I am trying to figure out a situation where PHP is not consuming a lot of memory but instead causes a very high Committed_AS
result.
Take this munin memory report for example:
As soon as I kick off our Laravel queue (10 ~ 30 workers), committed memory goes through the roof. We have 2G mem + 2G swap on this vps instance and so far there are about 600M unused memory (that's about 30% free).
If I understand Committed_AS
correctly, it's meant to be a 99.9% guarantee no out of memory
issue given current workload, and it seems to suggest we need to triple our vps memory just to be safe.
I tried to reduce the number of queues from 30 to around 10, but as you can see the green line is quite high.

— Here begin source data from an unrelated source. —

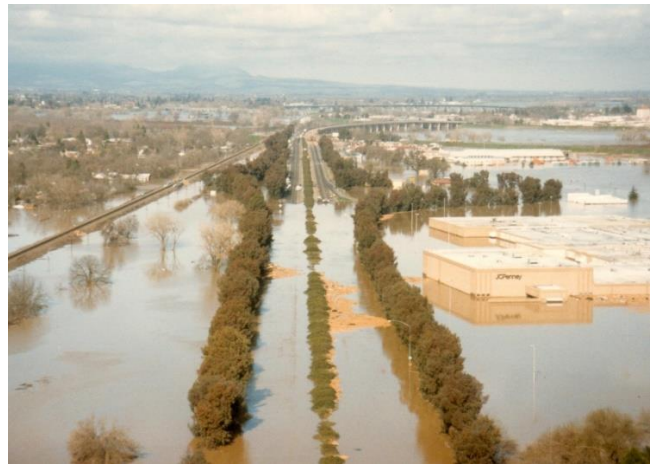
Hwy 70 looking north. The Mall on the right. Marysville Maint and Shop 3 are just north of Mall.
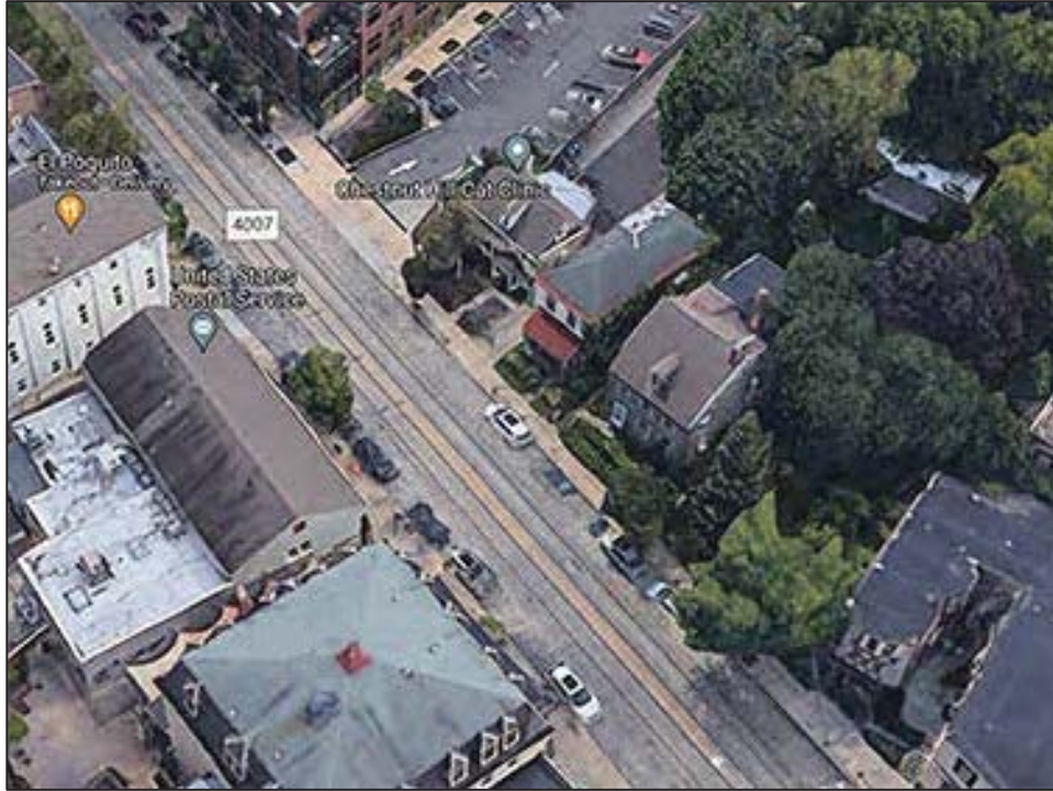
Fig. 3. Perspective of 8224 Germantown Avenue from north.
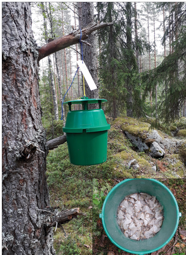
Fig. 2. The type of pheromone trap used in the survey installed on a Scots pine. The nun moths are trapped in the lower container part of the trap (the zoomed image). In the image, the typical black-white colouring has been lost from the wings of the densely packed moths.

The traps were placed at a height of 1.5–3 meters from ground, which has been found to be optimal for pheromone trapping of this species (Skuhravy 1987; Wang et al. 2017). Total number of traps was 58 in 2018 (+ 13 glue-based traps) and 137 in 2019 (funnel traps only). Based on results from 2018 as well as from other studies (Hielscher and Engelmann 2012), the 2019 trapping was conducted predominantly between 10th of July and 30th of August. This is the main period
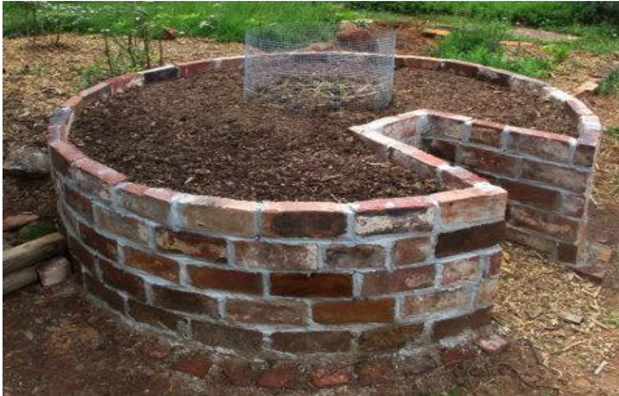
View of Keyhole Garden
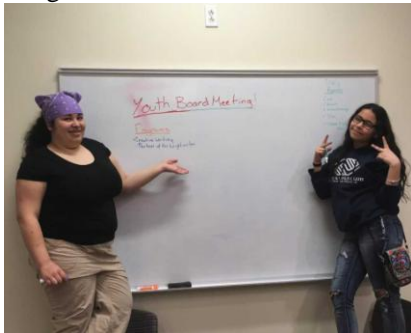
Teens taking Charge!

The Teen Advisory Group (T.A.G.) , held its first meeting over the winter. The group will be helping plan youth led library programs for other teenagers in the Holyoke community. The group is currently in the process of planning a "late night at the library" event, where the library will be open after hours during an upcoming Friday. At this event teens will have the opportunity to watch a movie, eat pizza and snacks, play games, and sing karaoke, and dance.
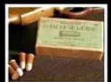
...and the cartridge box.
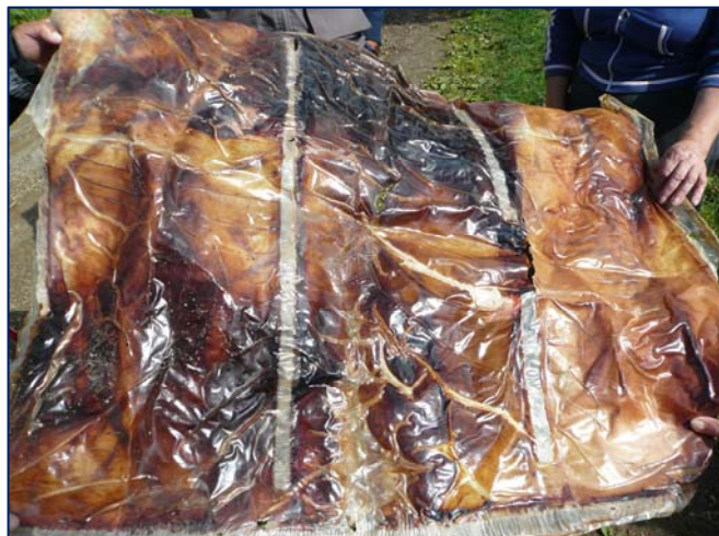
Coat of the brown-yellow substance on the film, covered a window on a dacha house during the winter 2008 - 2009.
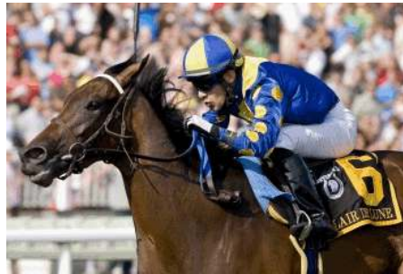
'09 Arc Sale graduate Eclair de Lune at Arlington

Arqana hosts its Arc sale at Saint-Cloud today following racing across Paris at Longchamp. The sale's reputation as a source of top-class racehorses is firmly established, with an honor roll that includes graduates such as Urban Sea (Miswaki), Megahertz (GB) (Pivotal {GB}), Elmhurst (Wild Again), Aube Indienne (Fr) (Bluebird) and
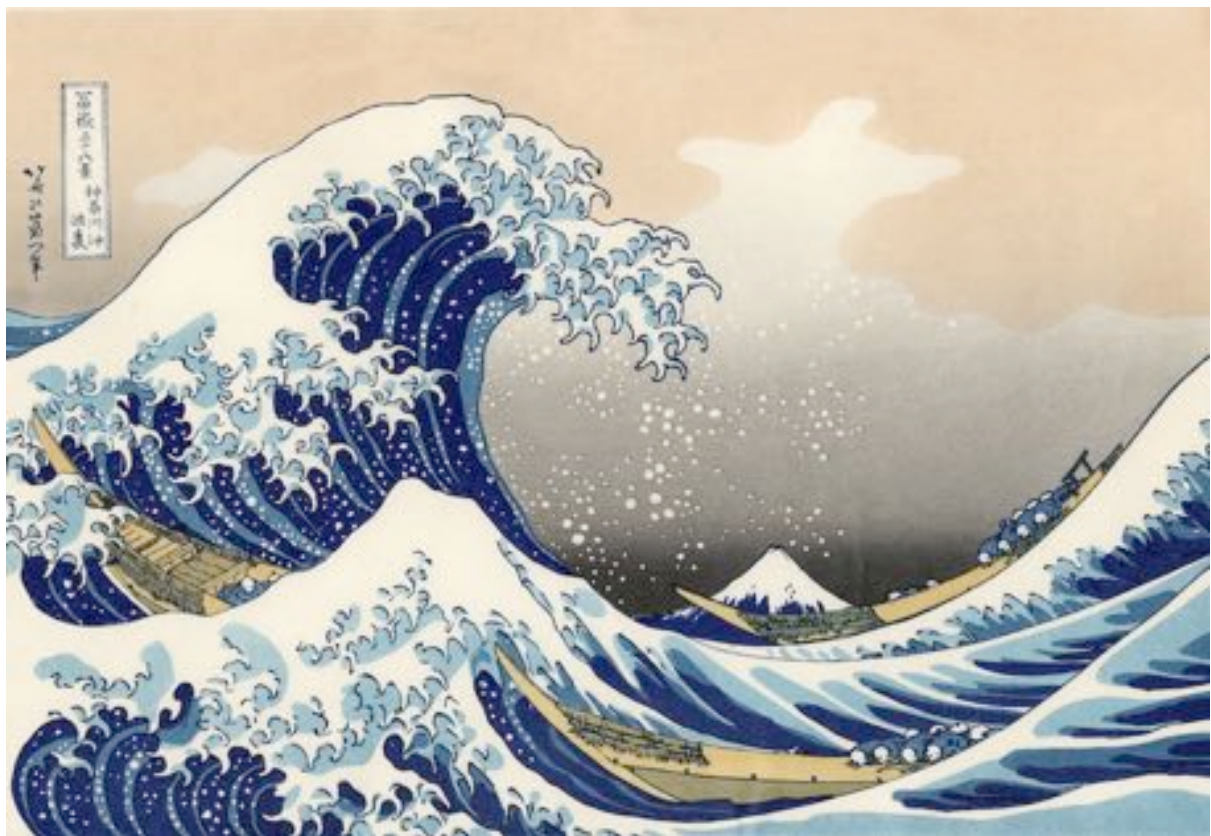
Figure 1. Katsushika Hokusai, Under a Wave at Kanagawa , c. 1829, woodblock print

My examination of recent avatars of the Hokusai figure builds on art historian Christine Guth’s Hokusai’s Great Wave: Biography of a Global Icon , the essential account of the worldwide history and travel of the Wave image. Guth brilliantly examines the mutating social life of Hokusai’s image, from its production in late-Edo Japan to its emergence as a French, Euro-American, and then global signifier of all things Japanese; from its work in Japanese nationalism to its play in circuits of commodity capitalism; from its status as a shorthand for international high art to its popular manifestation as a lifestyle brand (think surfing); and from its early conscription into classical Western aesthetics of the sublime to its increasing association with looming global environmental disaster. 6 The commentary I offer here—really just a footnote to Guth’s definitive book—examines how artists are today rematerializing Hokusai’s Wave so that they might call attention to the beleaguered life of the sea in the age of a toxic and trashed modernity.
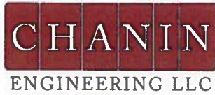
EXHIBIT B -Scope of Services to be Provided by the Engineer

As for the setup: Laravel 4.1 with PHP 5.5 opcache enabled. The upstart script we use spawn instance like following:
instance $N
exec start-stop-daemon --start --make-pidfile --pidfile /var/run/laravel_queue.$N.pid --chuid $USER --chdir $HOME --exec /usr/bin/php artisan queue:listen -- --queue=$N --timeout=60 --delay=120 --sleep=30 --memory=32 --tries=3 >> /var/log/laravel_queue.$N.log 2>&1
I have seen a lot of cases when high swap use imply insufficient memory, but our swap usage is low, so I am not sure what troubleshooting step is appropriate here.
PS: we don't have this problem prior to Laravel 4.1 and our vps upgrade, here is an image to prove that.

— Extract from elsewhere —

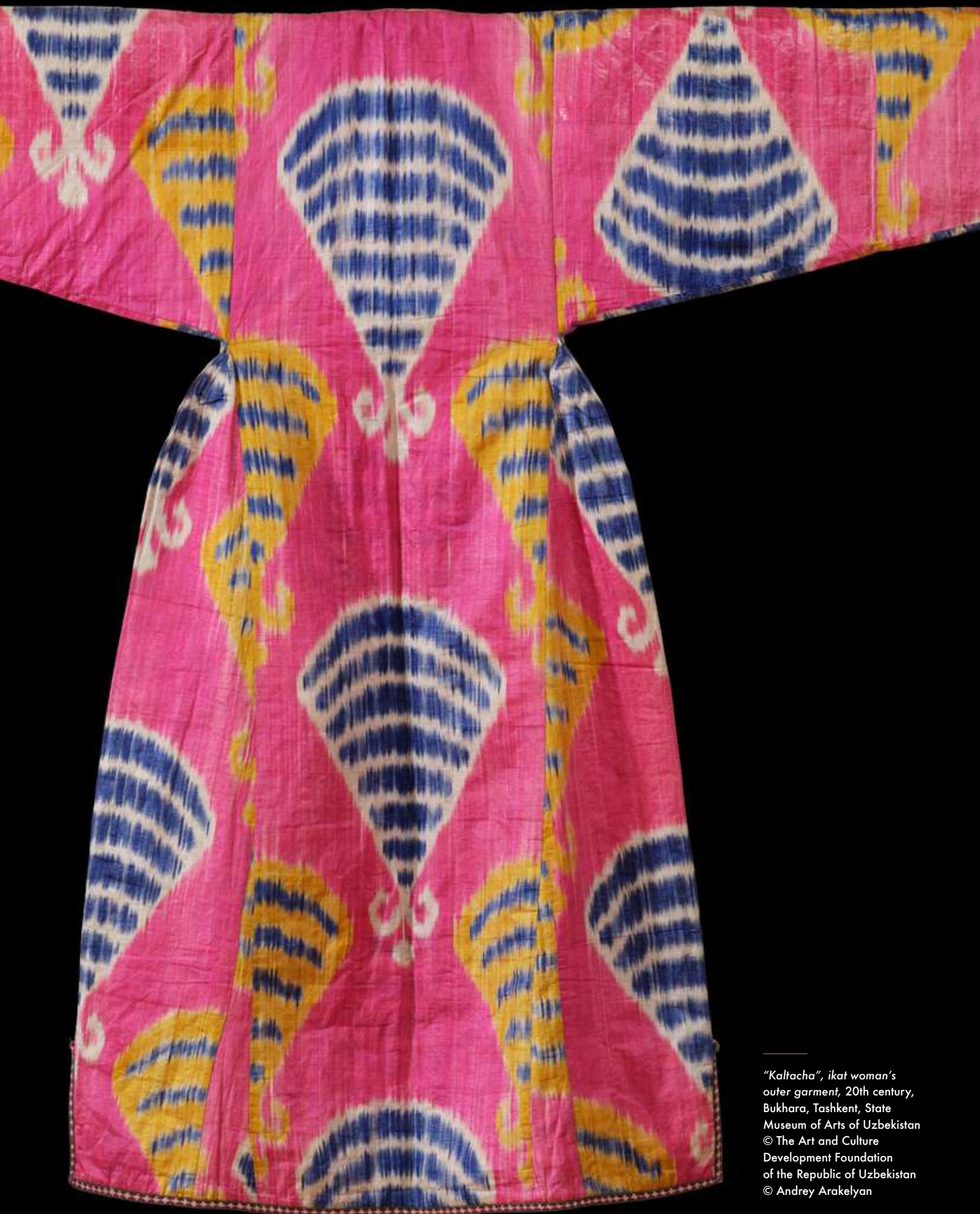
"Kaltacha", ikat woman's outer garment, 20th century, Bukhara, Tashkent, State Museum of Arts of Uzbekistan © The Art and Culture Development Foundation of the Republic of Uzbekistan © Andrey Arakelyan
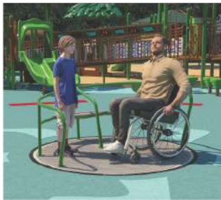
Surface Spinner $15,000

Maybe I should rephrase my question as: how are Committed_AS calculated exactly and how does PHP factor into it?
Updated 2014.1.29:
I had a theory on this problem: since laravel queue worker actually use PHP sleep()
when waiting for new job from queue (in my case beanstalkd
), it would suggest the high Committed_AS
estimation is due to the relatively low workload and relatively high memory consumption.

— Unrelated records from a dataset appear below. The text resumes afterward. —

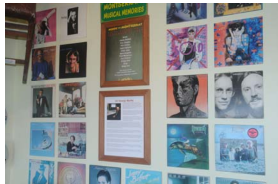
A few of the albums recorded in Montserrat
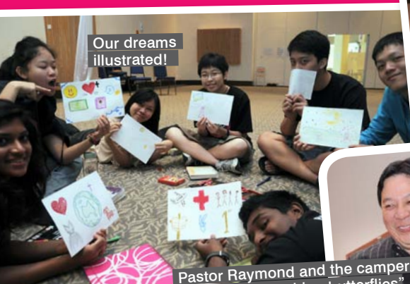
Our dreams illustrated!

Besides the sessions, games were organised and enjoyed by the campers in “life-like” Monopoly. The campers went around buying up “property” around the hotel grounds and charging people rent as they passed through.
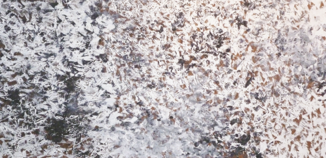
Serge Sinitsyn | Untitled | 2011
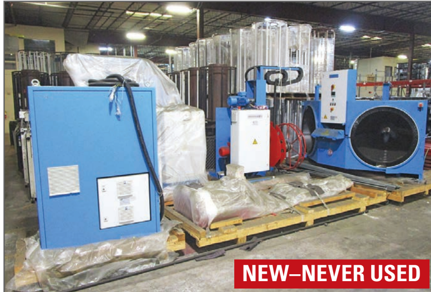
2016 HAGEN & FUNKE FLYER CONE PAYOFF

STEULER B400 DUAL WIRE TIN PLATING LINE , s/n NA, w/Max. Line Speed: 400 Meters/Min., 30" Dual Flyer Cone Payoff and Reel Trucks, Tension Stand, BONGARD STN-600 Down Coiler (TP1/2)
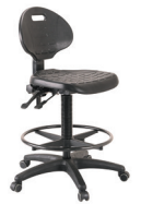
ARCHITECTURAL GAS LIFT with Black P/C Foot Ring
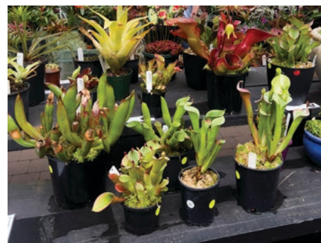
The Heliamphora display.
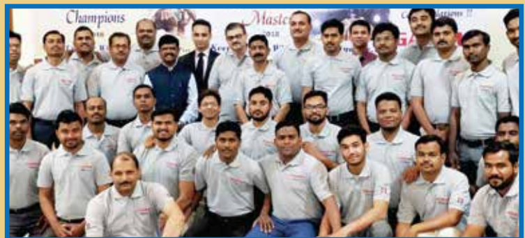
The Pune Team
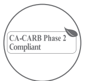
CA-CARB Phase 2 Compliant
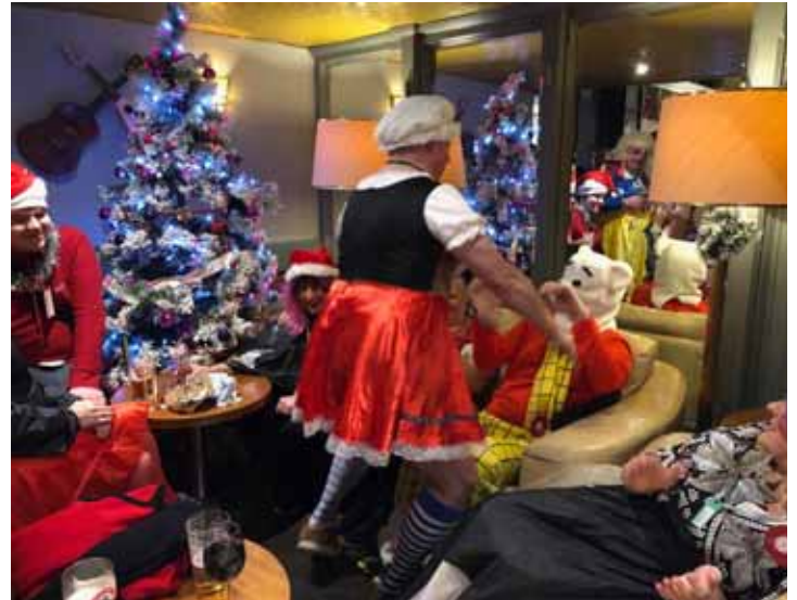
Going for the Bears Lap
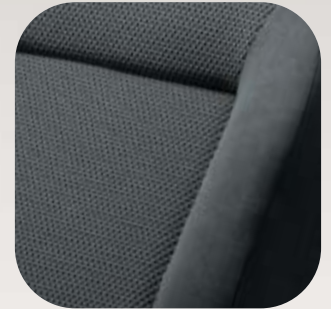
218 Dark Grey Velour
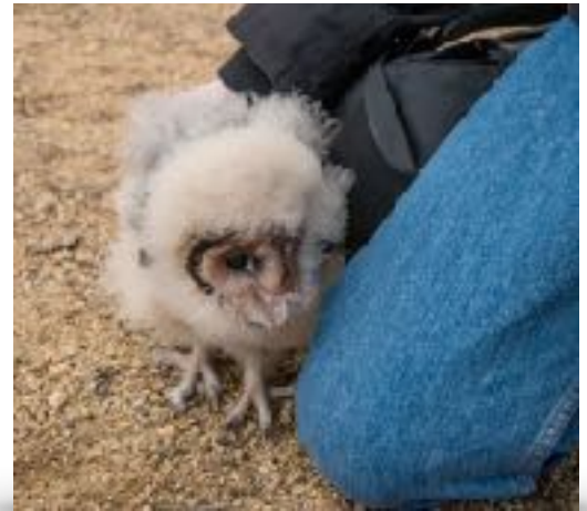
Masked Owl chick

The Brown Goshawk flew into the pine trees at the edge of the paddock, wonderfully camouflaged in the foliage; only movement betrayed its presence until it perched in the sunlight. Bush birds would steer clear of this swift, highly manoevrable raptor, but made a great portrait perched on the arm of the handler.

This make sense as I see Committed_AS
~= avg. memory usage / avg. workload
. As PHP sleep()
properly, little to no CPU are used; yet whatever memory it consumes is still reserved. Which result in server thinking: hey, you use so much memory (on average) even when load is minimal (on average), you should be better prepared for higher load (but in this case, higher load doesn't result in higher memory footprint)
If anyone would like to test this theory, I will be happy to award the bounty to them.